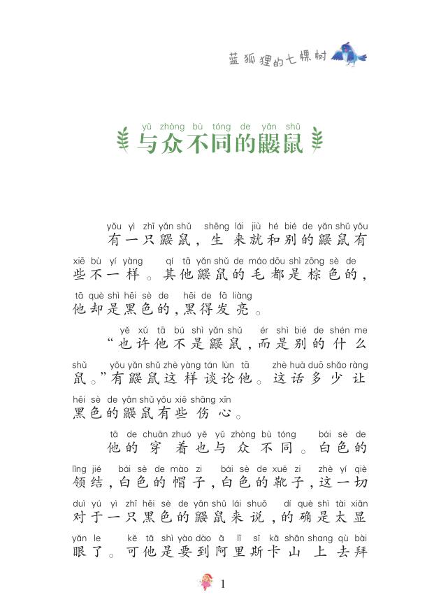 有一只蓝狐狸,他经过森林,总要鼓足了劲儿冲过连续的七棵树。为什么呢?因为树上有小鸟儿,小鸟儿总会往蓝狐狸的头上拉屎。蓝狐狸非常厌恶这些小鸟们……可事实上,当他看到小树上的小鸟漂亮的羽毛、听到了小鸟悦耳的歌声,十分惭愧……本书为王一梅的短篇童话集,收录了其*代表性的作品。“王一梅飞翔经典童话”系列图书一共8册,分别为:《蓝狐狸的七棵树》《书本里的蚂蚁》《贝壳鸟》《河马的绝招》《蔷薇别墅的老鼠》《胡萝卜先生的长胡子》《糊涂猪》《乌鸦的新衣》。
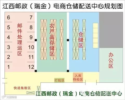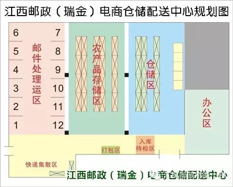 仓储中心分为八个主要功能区和3个辅助功能区,八个功能区分别是:工业品下乡区、农产品进城区、“农村e邮”村站包裹处理区、城区包裹处理区、邮政包裹处理区、“农村e邮”农副产品仓储区、新鲜果蔬仓储区、食品检验区;辅助功能区为农副产品打包区、蔬果打包区、食品抽检区。
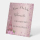 Ein modernes, stilvolles und glamouröses Begrüßungszeichen für eine Quinceañera, 15. Geburtstagsfeier, Pariser Themenabend. Ein rot-rosa metallischer Hintergrund mit rosa glitzernden Herzen und dem Eiffelturm mit einigen Blume. Personalisieren und einen Namen hinzufügen.
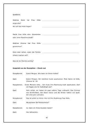 Rezeptionist: Das ist schön zu hören. Hier ist Ihre Rechnung Frau Kölle.
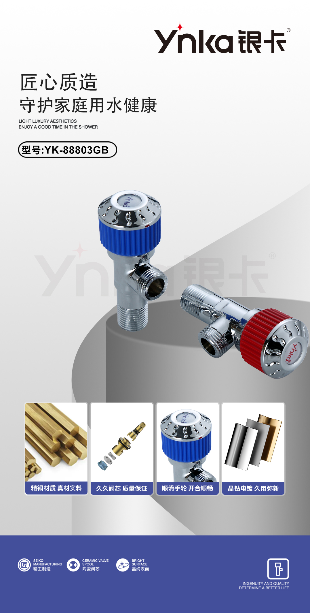 YK-88803GB高标铜角阀(S红蓝轮)
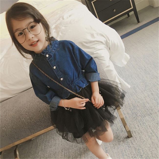 Xuân 2019 quần áo trẻ em mới bé gái váy denim lưới sợi váy công chúa váy 2-7 tuổi - Khác Khác
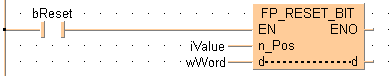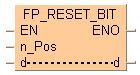 Cette instruction FP met à l’état 0 le bit spécifié par n_Pos, la position du bit des données spécifiées par d, lorsque le déclencheur EN est TRUE. Les bits autres que le bit spécifié ne changent pas. L’intervalle de n_Pos est 0–15.
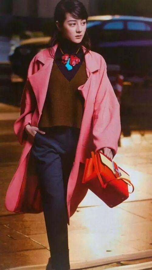 粉色的风衣外套搭配阔腿裤,知性气质范,粉色中透着小女人的可爱性感。
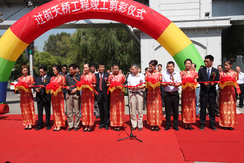 领导、嘉宾和师生代表为过街天桥剪彩
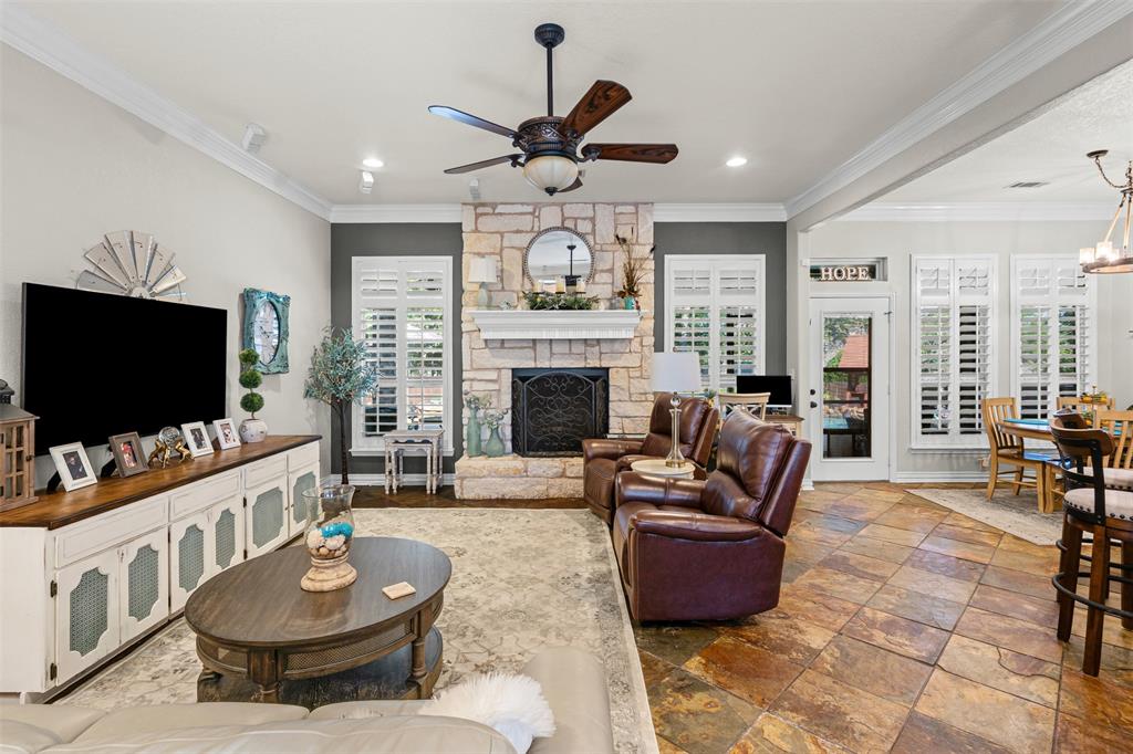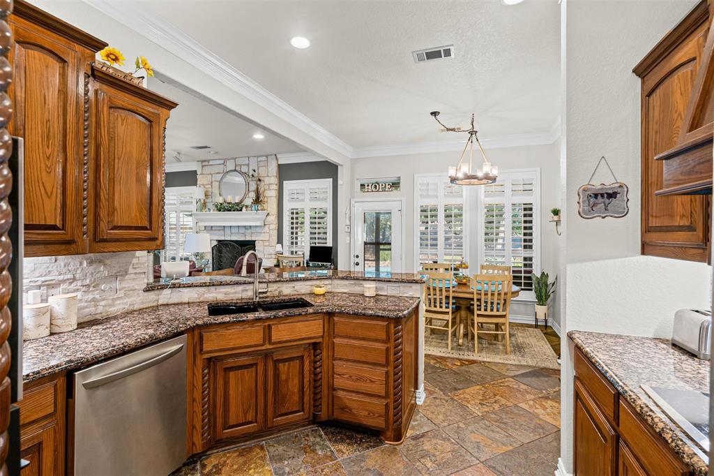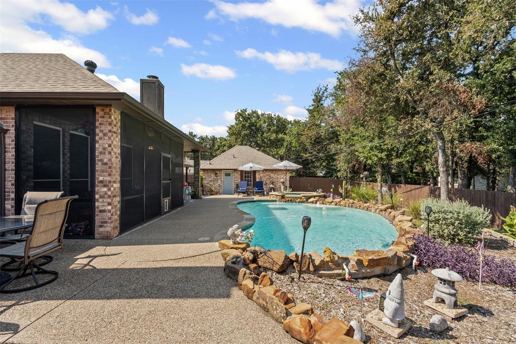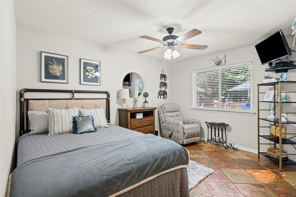 Located in the gated golf community of DeCordova Bend Estates, this home combines modern updates with resort-style living. The interior features slate floors, granite countertops, stainless steel appliances, a double oven, updated light fixtures, and plantation shutters, all anchored by a wood-burning rock fireplace. Solar screens add efficiency and comfort, while the spacious primary suite offers its own fireplace for a private retreat. Outdoor living shines with a screened-in porch overlooking the inground pool. In 2020 the pool has a complete renovations with new pool heater, automation, replastered, and new coping. Additional highlights include new hot water heaters. Perfect driveway booasts room for boat parking or an RV pad with a dump station, extra parking with a two-car carport. Another bonus feature is a 576 sq ft guest house complete with a new kitchen and full bath. Perfect for guests or office. Wood fence recently restained in 2019.
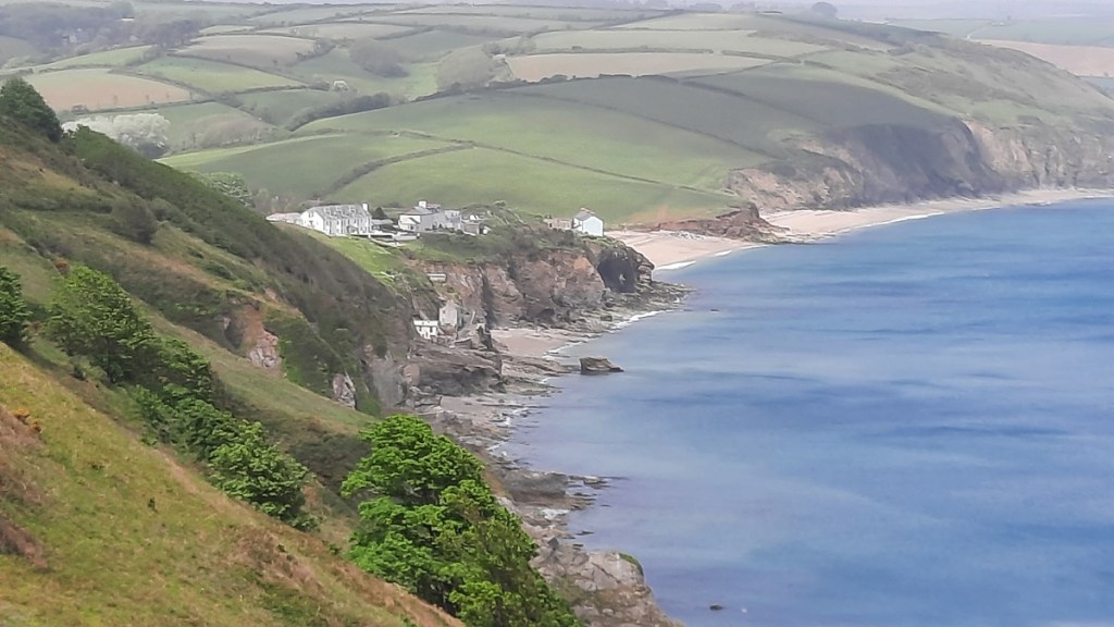 From there, I had a view of the lighthouse, and all around the coastline as far as the Estuary at Dartmouth. Down below me, I could see the remnants of the seaside village of Hallsands, a village destroyed by man-created damage. In the late 1800s when the Admiralty wanted to enlarge Plymouth as a naval base, contractors decided that just offshore in Start Bay there was an unlimited supply of suitable gravel for the mixing of the concrete. Over many months, millions of tons were dredged from the sea-bed and barged along the coast to Plymouth. In spite of warnings of damage to the beach, several government enquiries permitted the dredging to continue. But during a violent winter storm in 1917, the huge waves washed away the beach. The shingle beach slipped out into the bay, filling the trench. With the beach gone, the 42 houses in the village all collapsed into the sea, leaving just two standing. Given that the collapse took place during the hours of darkness, amazingly, no one was killed.

---

● **Work item**
Pictures aside, write out verbatim every line from the first line of the material through the line holding "Located in the".

● **Response for this exercise**
 有一只蓝狐狸,他经过森林,总要鼓足了劲儿冲过连续的七棵树。为什么呢?因为树上有小鸟儿,小鸟儿总会往蓝狐狸的头上拉屎。蓝狐狸非常厌恶这些小鸟们……可事实上,当他看到小树上的小鸟漂亮的羽毛、听到了小鸟悦耳的歌声,十分惭愧……本书为王一梅的短篇童话集,收录了其*代表性的作品。“王一梅飞翔经典童话”系列图书一共8册,分别为:《蓝狐狸的七棵树》《书本里的蚂蚁》《贝壳鸟》《河马的绝招》《蔷薇别墅的老鼠》《胡萝卜先生的长胡子》《糊涂猪》《乌鸦的新衣》。
 仓储中心分为八个主要功能区和3个辅助功能区,八个功能区分别是:工业品下乡区、农产品进城区、“农村e邮”村站包裹处理区、城区包裹处理区、邮政包裹处理区、“农村e邮”农副产品仓储区、新鲜果蔬仓储区、食品检验区;辅助功能区为农副产品打包区、蔬果打包区、食品抽检区。
 Ein modernes, stilvolles und glamouröses Begrüßungszeichen für eine Quinceañera, 15. Geburtstagsfeier, Pariser Themenabend. Ein rot-rosa metallischer Hintergrund mit rosa glitzernden Herzen und dem Eiffelturm mit einigen Blume. Personalisieren und einen Namen hinzufügen.
 Rezeptionist: Das ist schön zu hören. Hier ist Ihre Rechnung Frau Kölle.
 YK-88803GB高标铜角阀(S红蓝轮)
 Xuân 2019 quần áo trẻ em mới bé gái váy denim lưới sợi váy công chúa váy 2-7 tuổi - Khác Khác
 Cette instruction FP met à l’état 0 le bit spécifié par n_Pos, la position du bit des données spécifiées par d, lorsque le déclencheur EN est TRUE. Les bits autres que le bit spécifié ne changent pas. L’intervalle de n_Pos est 0–15.
 粉色的风衣外套搭配阔腿裤,知性气质范,粉色中透着小女人的可爱性感。
 领导、嘉宾和师生代表为过街天桥剪彩
 Located in the gated golf community of DeCordova Bend Estates, this home combines modern updates with resort-style living. The interior features slate floors, granite countertops, stainless steel appliances, a double oven, updated light fixtures, and plantation shutters, all anchored by a wood-burning rock fireplace. Solar screens add efficiency and comfort, while the spacious primary suite offers its own fireplace for a private retreat. Outdoor living shines with a screened-in porch overlooking the inground pool. In 2020 the pool has a complete renovations with new pool heater, automation, replastered, and new coping. Additional highlights include new hot water heaters. Perfect driveway booasts room for boat parking or an RV pad with a dump station, extra parking with a two-car carport. Another bonus feature is a 576 sq ft guest house complete with a new kitchen and full bath. Perfect for guests or office. Wood fence recently restained in 2019.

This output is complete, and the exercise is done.